Data section Start Marker

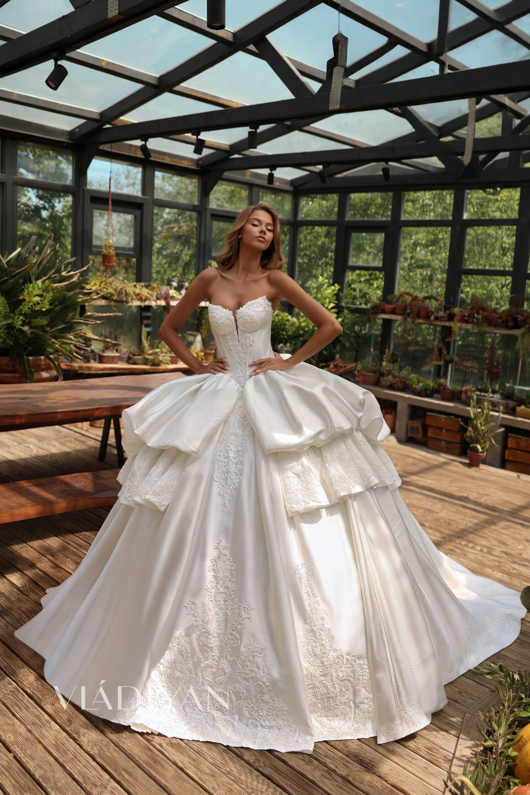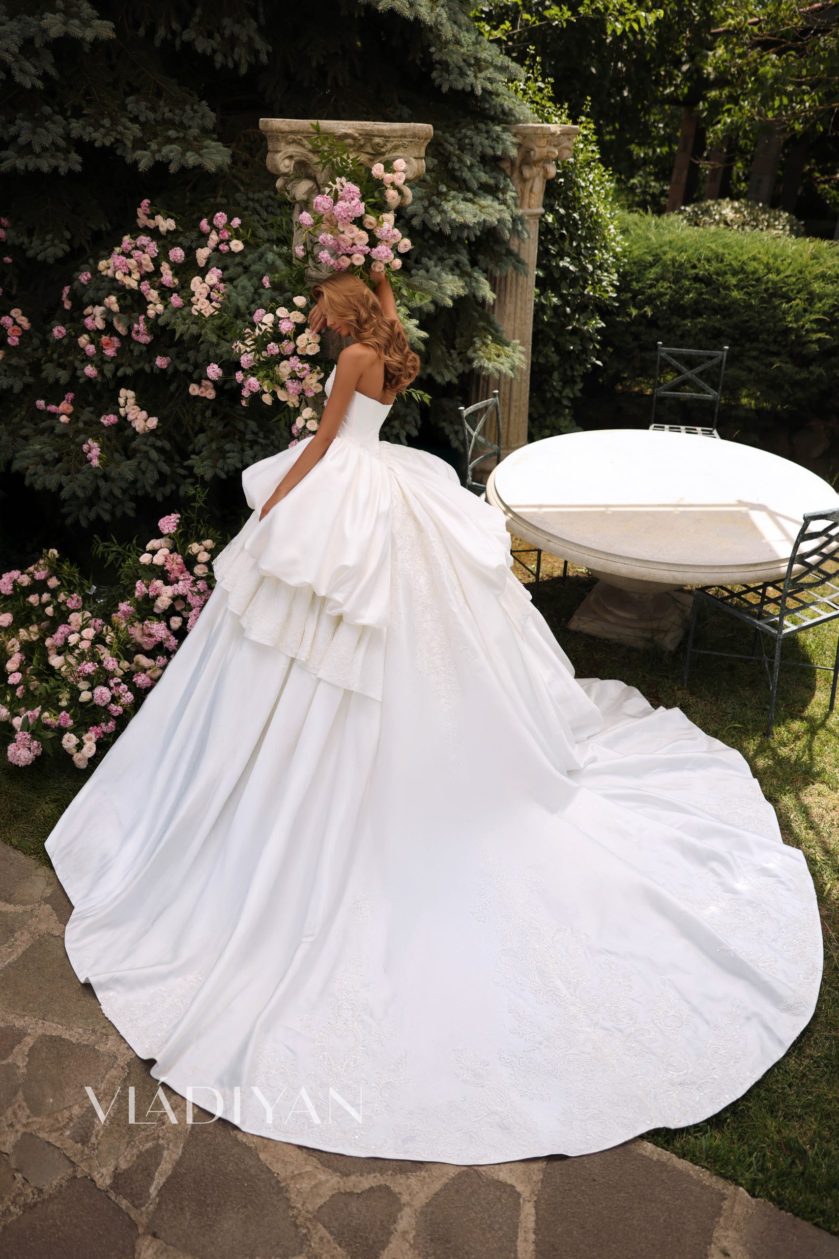 Production times are an estimated 6-8 months from the time of order. Rush production may be available upon request on select gowns, with some gowns being produced in 4-6 months or less.
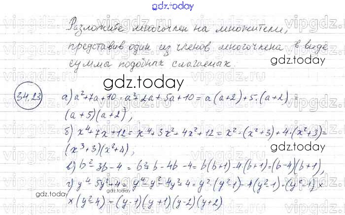 Ответы к § 34. Разложение многочленов на множители с помощью комбинаций различных приемов Решение к главе 7 23 Задачнику по Алгебре для 7 класса Мордкович, Александрова Базовый уровень Мнемозина 2013
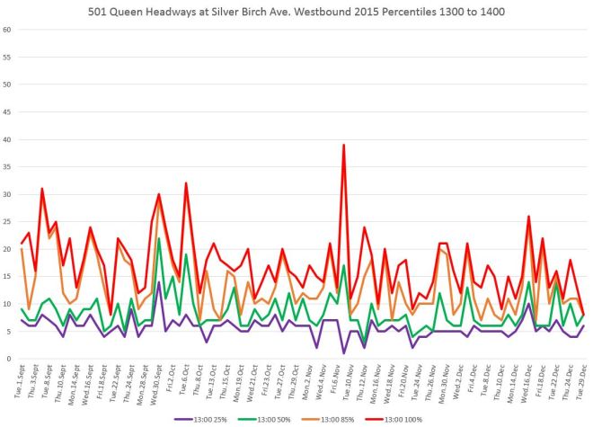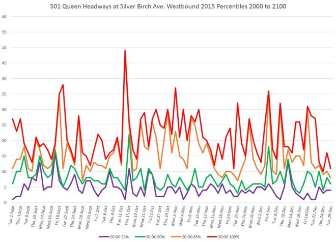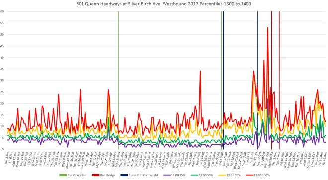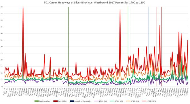 From Thanksgiving weekend until late November, streetcar service turned back at Woodbine Loop and a bus shuttle operated to Neville while track work was in progress there. This period is marked off by the green bars. With this isolated service, the span of headways is considerably smaller and the various percentiles are more clustered around the median value. Even then, the service is ragged on some days, particularly late in this period. A review of the daily service charts (not included here) reveals that on some days buses were missing for part of the day, and those that remained appear to be running on their schedules rather then being spaced out to give even headways.
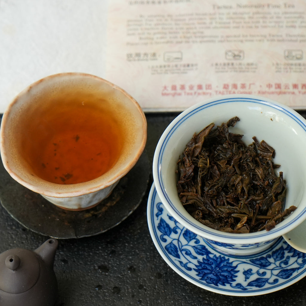 Part of the Chinese Zodiac collection tea cakes made since 2008 year on year by the infamous TAETEA (Dayi) tea factory. Explore intricate depths of aged Pu'er with our Year of the Snake Taetea (Dayi) Sheng Pu'er. Harvested in the year of the snake and patiently matured for over the last 12 years, this tea offers a remarkable journey through taste and time. The initial dryness quickly gives way to a deep, resonant sweetness, mingling with the authentic aroma of old arbor trees. Subtle notes of steamed sticky rice and bamboo leaves (zong ye) are complemented by a developing vegetal quality through subsequent infusions. Persistently sweet with a hint of smoky rock sugar in the finish, this tea promises a complex and rewarding session for any tea aficionado.
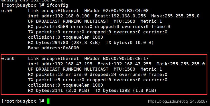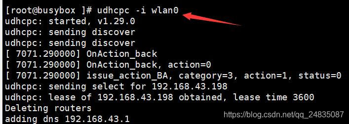 udhcpc -i wlan0 //-i指定网卡
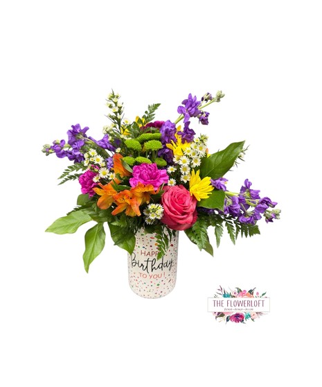 Celebrate their special day with a burst of color! Birthday Confetti Blooms features a joyful mix of vibrant roses, carnations, alstroemeria, daisies, and seasonal accents, artfully arranged in a playful "Happy Birthday" keepsake container. Bright, cheerful, and full of life, this arrangement is the perfect way to send birthday wishes that truly pop.
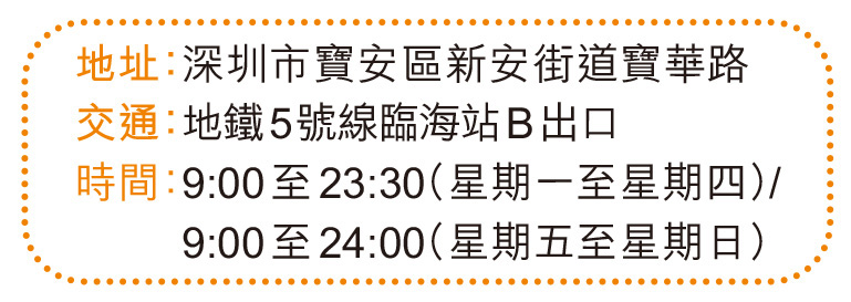 首先可以逛下鐘書閣,嘆冷氣的同時還可以在巨型螺旋書架旁盡情拍照打卡。之後可以來到東岸商業區食下午茶,一次過試遍南北方的特色食物,從清湯牛腩到煎餅果子,再從炭燒生蠔到北京烤鴨,種類繁多,口味多樣,更有來自東南亞和歐洲的美食。食完之後可以登上巨大的灣區之光摩天輪,360度俯瞰深圳的美麗景色。在下午時分更可以欣賞到波光粼粼的海面,盡情享受壯麗的海景。日落時分可以同朋友一齊在東岸海濱棧道散步,欣賞落日和深圳的城市美景,在海邊與摩天輪合影打卡。晚上慶典廣場更有噴泉與水秀表演,還可以行下創意市集,給朋友帶回別樣的紀念品。
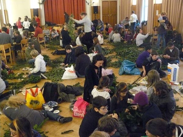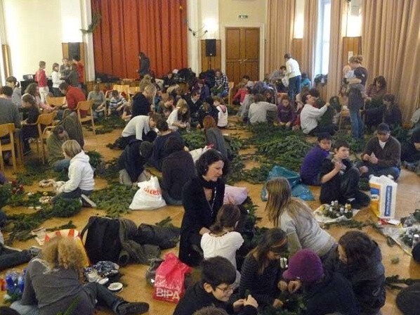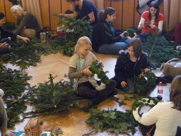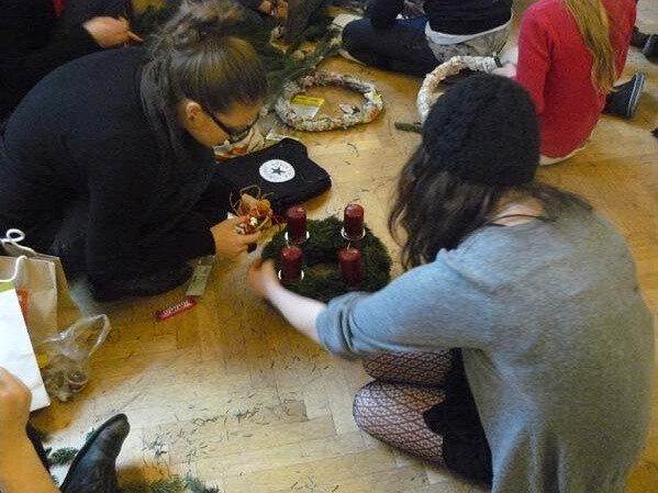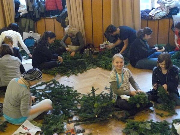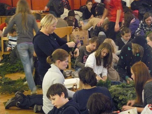 Rechtzeitig zu Adventbeginn gab es auch heuer wieder die Möglichkeit zum Adventkranzbinden. Am Freitagnachmittag vor dem ersten Adventwochenende duftete der ganze Festsaal nach Reisig. Groß und Klein, Alt und Jung, SchülerInnen und LehrerInnen, Eltern und auch "Ehemalige" saßen nebeneinander am Boden und gestalteten bei besinnlicher Musik Adventkränze für zuhause und Klassenräume. Ein stimmungsvoller Nachmittag!
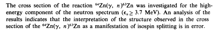 The cross section of the reaction 64Ζη(γ, n)63Zn was investigated for the high-energy component of the neutron spectrum (en > 3.7 MeV). An analysis of the results indicates that the interpretation of the structure observed in the cross section of the 64Ζη(γ, η )63Zn as a manifestation of isospin splitting is in error.
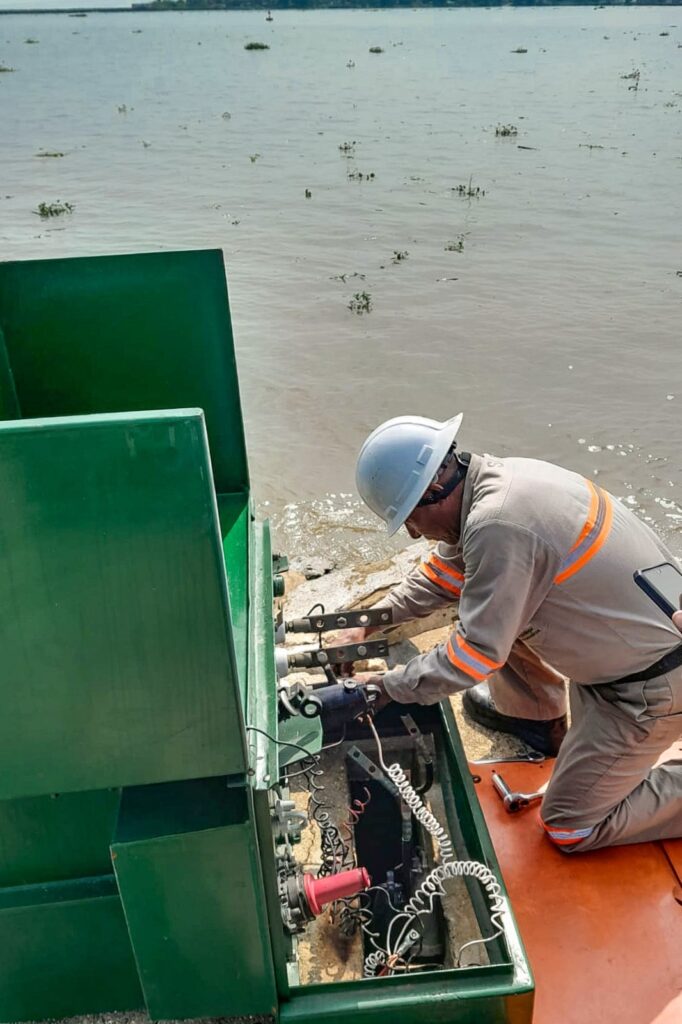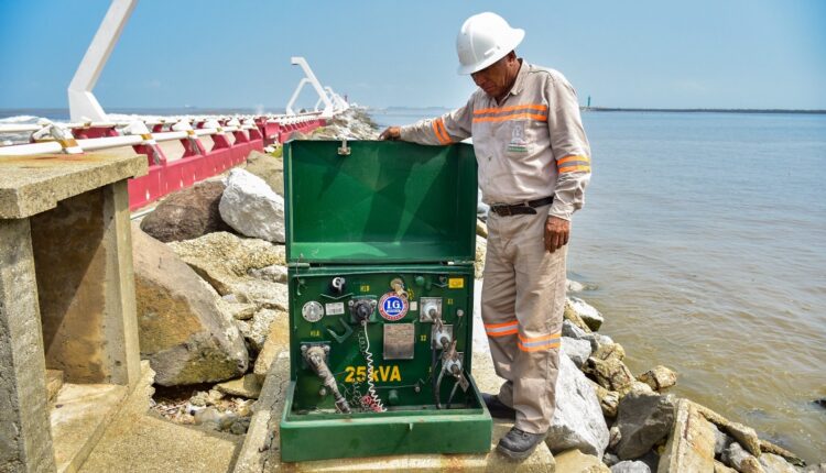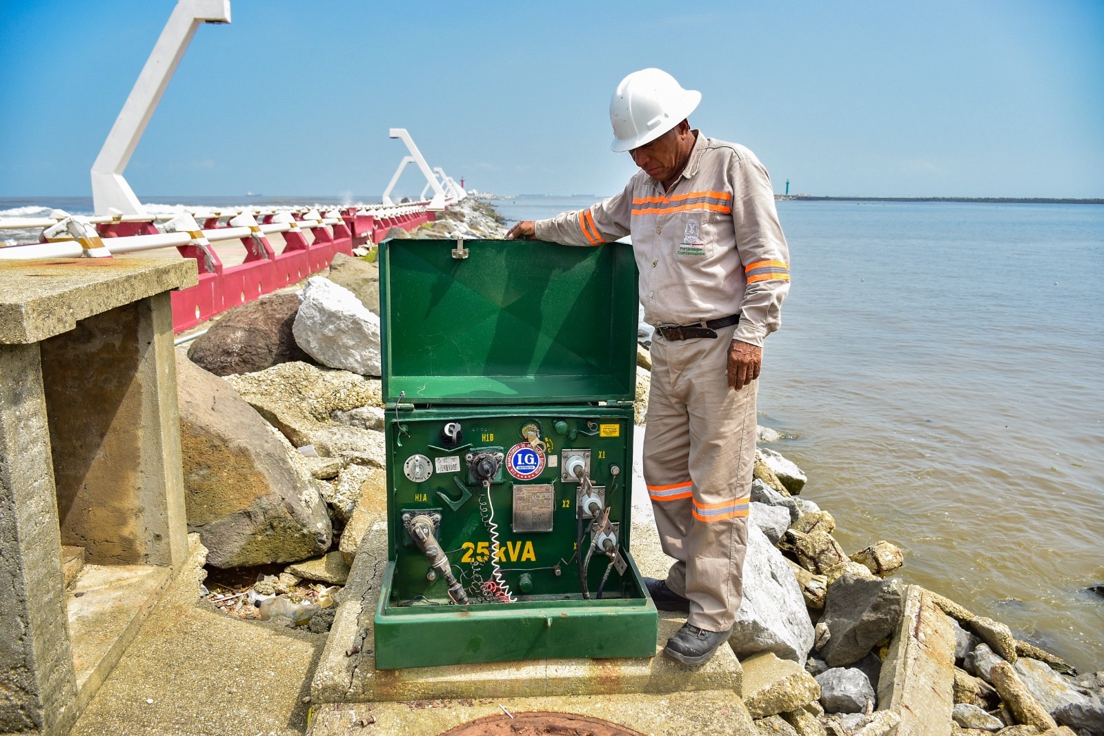 La subdirección de Alumbrado Público intensificó los trabajos de rehabilitación del sistema de luminarias de las escolleras de Coatzacoalcos, un esfuerzo destinado a mejorar la seguridad y el disfrute de esta importante zona turística.
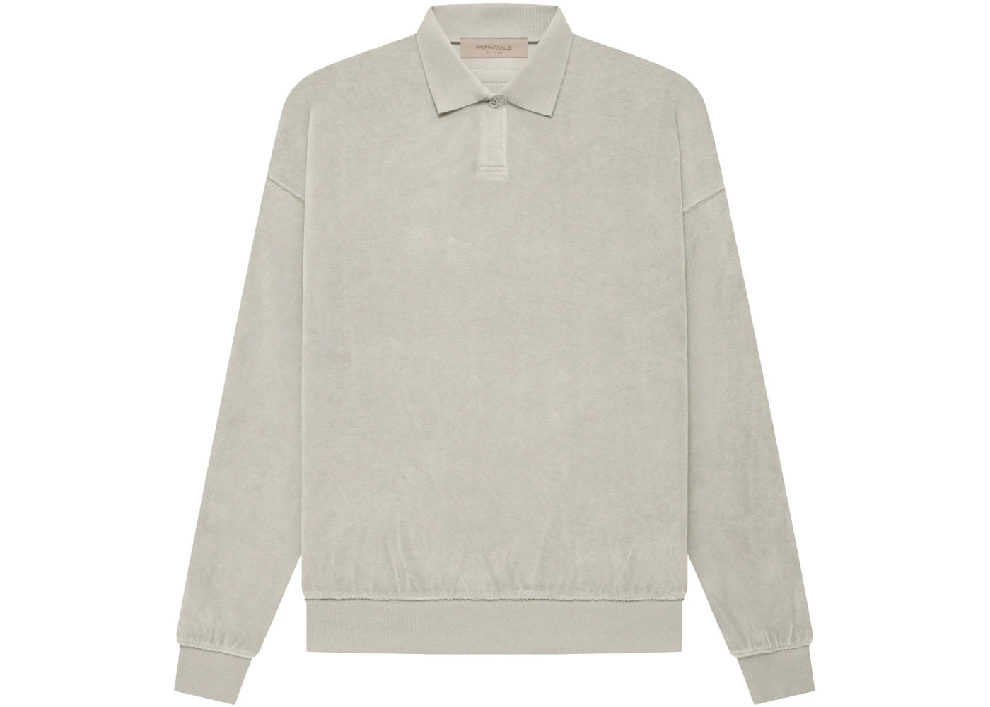 The Fear of God Essentials Womens Velour LS Polo Smoke is now available at Side Kicks!
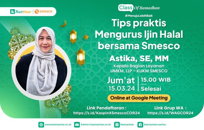 Class of Ramadhan Kasir Pintar hadir kembali di bulan Ramadhan 2024 ini dengan berbagai tema yang menarik. Diawali dengan edukasi mengenai pengurusan ijin sertifikasi Halal yang bekerja sama dengan Smesco Indonesia. Dilanjutkan dengan sharing knowledge seputar branding sebuah produk dari Soodu.id agar bisnis yang dijalankan bisa lebih dikenal oleh masyarakat luas.
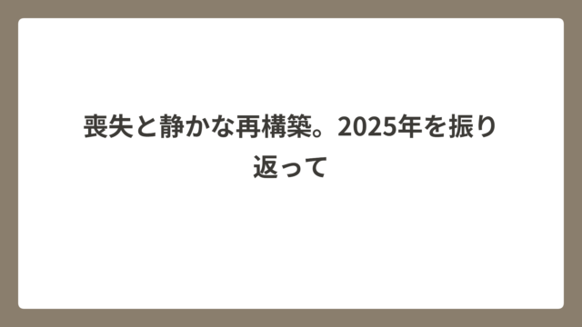 コラム・日記 喪失と静かな再構築。2025年を振り返って 2025年12月31日 よもぎ 2025年の終わりに、少し立ち止まってこの一年を振り返ってみようと思います。 正直に言えば、今年は明るい出来事よりも、喪失感の方が強く残る一年でした。 大切な …
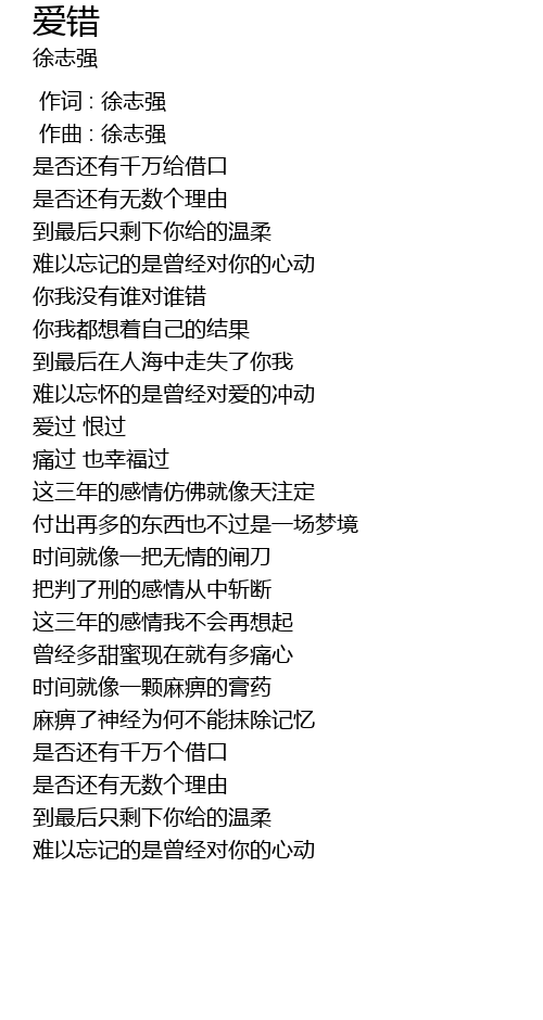 | [00:00.000] | 作词 : 徐志强 |
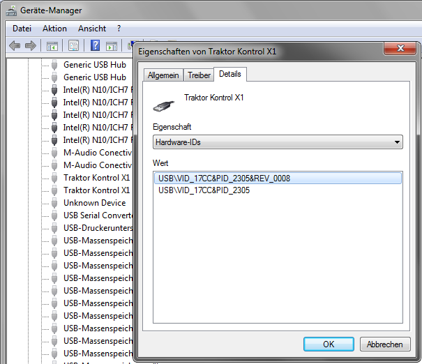VID und PID sind bei beiden Traktor Kontrol X1 Einträgen im Gerätemanager gleich.

Data section End Marker

» **Task instructions**
Could you reproduce the records above exactly, leaving out the pictures?

» **Result of the task**
 Production times are an estimated 6-8 months from the time of order. Rush production may be available upon request on select gowns, with some gowns being produced in 4-6 months or less.
 Ответы к § 34. Разложение многочленов на множители с помощью комбинаций различных приемов Решение к главе 7 23 Задачнику по Алгебре для 7 класса Мордкович, Александрова Базовый уровень Мнемозина 2013
 From Thanksgiving weekend until late November, streetcar service turned back at Woodbine Loop and a bus shuttle operated to Neville while track work was in progress there. This period is marked off by the green bars. With this isolated service, the span of headways is considerably smaller and the various percentiles are more clustered around the median value. Even then, the service is ragged on some days, particularly late in this period. A review of the daily service charts (not included here) reveals that on some days buses were missing for part of the day, and those that remained appear to be running on their schedules rather then being spaced out to give even headways.
 Part of the Chinese Zodiac collection tea cakes made since 2008 year on year by the infamous TAETEA (Dayi) tea factory. Explore intricate depths of aged Pu'er with our Year of the Snake Taetea (Dayi) Sheng Pu'er. Harvested in the year of the snake and patiently matured for over the last 12 years, this tea offers a remarkable journey through taste and time. The initial dryness quickly gives way to a deep, resonant sweetness, mingling with the authentic aroma of old arbor trees. Subtle notes of steamed sticky rice and bamboo leaves (zong ye) are complemented by a developing vegetal quality through subsequent infusions. Persistently sweet with a hint of smoky rock sugar in the finish, this tea promises a complex and rewarding session for any tea aficionado.
 udhcpc -i wlan0 //-i指定网卡
 Celebrate their special day with a burst of color! Birthday Confetti Blooms features a joyful mix of vibrant roses, carnations, alstroemeria, daisies, and seasonal accents, artfully arranged in a playful "Happy Birthday" keepsake container. Bright, cheerful, and full of life, this arrangement is the perfect way to send birthday wishes that truly pop.
 首先可以逛下鐘書閣,嘆冷氣的同時還可以在巨型螺旋書架旁盡情拍照打卡。之後可以來到東岸商業區食下午茶,一次過試遍南北方的特色食物,從清湯牛腩到煎餅果子,再從炭燒生蠔到北京烤鴨,種類繁多,口味多樣,更有來自東南亞和歐洲的美食。食完之後可以登上巨大的灣區之光摩天輪,360度俯瞰深圳的美麗景色。在下午時分更可以欣賞到波光粼粼的海面,盡情享受壯麗的海景。日落時分可以同朋友一齊在東岸海濱棧道散步,欣賞落日和深圳的城市美景,在海邊與摩天輪合影打卡。晚上慶典廣場更有噴泉與水秀表演,還可以行下創意市集,給朋友帶回別樣的紀念品。
 Rechtzeitig zu Adventbeginn gab es auch heuer wieder die Möglichkeit zum Adventkranzbinden. Am Freitagnachmittag vor dem ersten Adventwochenende duftete der ganze Festsaal nach Reisig. Groß und Klein, Alt und Jung, SchülerInnen und LehrerInnen, Eltern und auch "Ehemalige" saßen nebeneinander am Boden und gestalteten bei besinnlicher Musik Adventkränze für zuhause und Klassenräume. Ein stimmungsvoller Nachmittag!
 The cross section of the reaction 64Ζη(γ, n)63Zn was investigated for the high-energy component of the neutron spectrum (en > 3.7 MeV). An analysis of the results indicates that the interpretation of the structure observed in the cross section of the 64Ζη(γ, η )63Zn as a manifestation of isospin splitting is in error.
 La subdirección de Alumbrado Público intensificó los trabajos de rehabilitación del sistema de luminarias de las escolleras de Coatzacoalcos, un esfuerzo destinado a mejorar la seguridad y el disfrute de esta importante zona turística.
 The Fear of God Essentials Womens Velour LS Polo Smoke is now available at Side Kicks!
 Class of Ramadhan Kasir Pintar hadir kembali di bulan Ramadhan 2024 ini dengan berbagai tema yang menarik. Diawali dengan edukasi mengenai pengurusan ijin sertifikasi Halal yang bekerja sama dengan Smesco Indonesia. Dilanjutkan dengan sharing knowledge seputar branding sebuah produk dari Soodu.id agar bisnis yang dijalankan bisa lebih dikenal oleh masyarakat luas.
 コラム・日記 喪失と静かな再構築。2025年を振り返って 2025年12月31日 よもぎ 2025年の終わりに、少し立ち止まってこの一年を振り返ってみようと思います。 正直に言えば、今年は明るい出来事よりも、喪失感の方が強く残る一年でした。 大切な …
 | [00:00.000] | 作词 : 徐志强 |
VID und PID sind bei beiden Traktor Kontrol X1 Einträgen im Gerätemanager gleich.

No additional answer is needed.